Democratic governance, land rights and demilitarisation will be key priority issues for the new government of Sri Lanka's Tamil-dominated Northern Province, said its Chief Minister C.V. Wigneswaran, on Friday. Mr Wigneswarn was addressing the first inaugural session of the Northern Provincial Council (NPC) since the end of the military operation against Tamil separatist organisation, the LTTE. The Tamil National Alliance (TNA) won the recent NPC polls with an impressive 30 out of 38 seats.
Expressing hope that the central government of Sri Lanka will cooperate with the newly-elected Council of the Northern Province, Mr Wigneswaran, said the NPC was ready to extend a hand of friendship.
In his address, that his colleague termed "a powerful speech," the Chief Minister urged the central government in Colombo to confine the military to its barracks.
He said the government much ensure that the army does not take over private land in the north for its use.
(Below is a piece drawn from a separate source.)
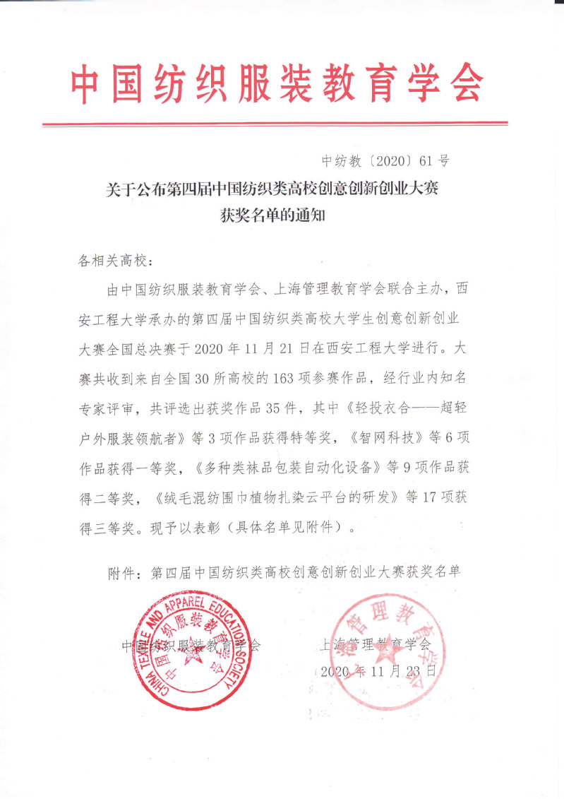 关于公布第四届中国纺织类高校创意创新创业大赛获奖名单的通知
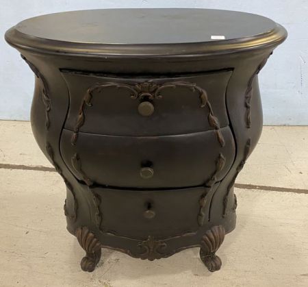 Small Black Finish Bombe Chest With French Design, three drawers, has light mildew, 27"h., 25"w. Small Black Finish Bombe Chest With French Design, three drawers, has light mildew, 27"h., 25"w.

"It is important to draw a time-frame for the military to return the land taken over in such a manner to the rightful owners," the Chief Minister said.
Speaking about the NPC election, Mr Wigneswarn pointed out that it was a result of the 13th Constitutional Amendment which followed the Indo-Lanka Accord of 1987. He, however, said the Amendment was insufficient to meet the needs of the people in the province.
Pointing out that it was worrying to see that the 13th Amendment could not pave way for the independent functioning of the Provincial Council, he said: "It [13th Amendment] is like a vessel with a hole and seems good for nothing," he said.
But he hoped that the Centre will work with the NPC to achieve peace and reconciliation.
Reaching out the Sinhalese majority south region, Mr Wigneswarn said, he sought to reassure that Tamils have rejected the option of creating a separate state - Tamil Eelam, as was propounded by the LTTE.
"We are against any form of violence," he emphasised.
Addressing administrative issues, the Chief Minister said, his government would look at resettling the Muslims who had been forcibly dispossessed of their houses in the north during the conflict. Further, Mr Wigneswarn, called for the appointment of Tamil-speaking policemen in the Northern Province which will make it earlier for them to understand the language, culture and aspirations of the local population.
In his address, the new Chief Minister also called upon the Centre to appoint a civilian to the post of Governor. It may be noted that the present Governor of the Northern Province is an Army Major General.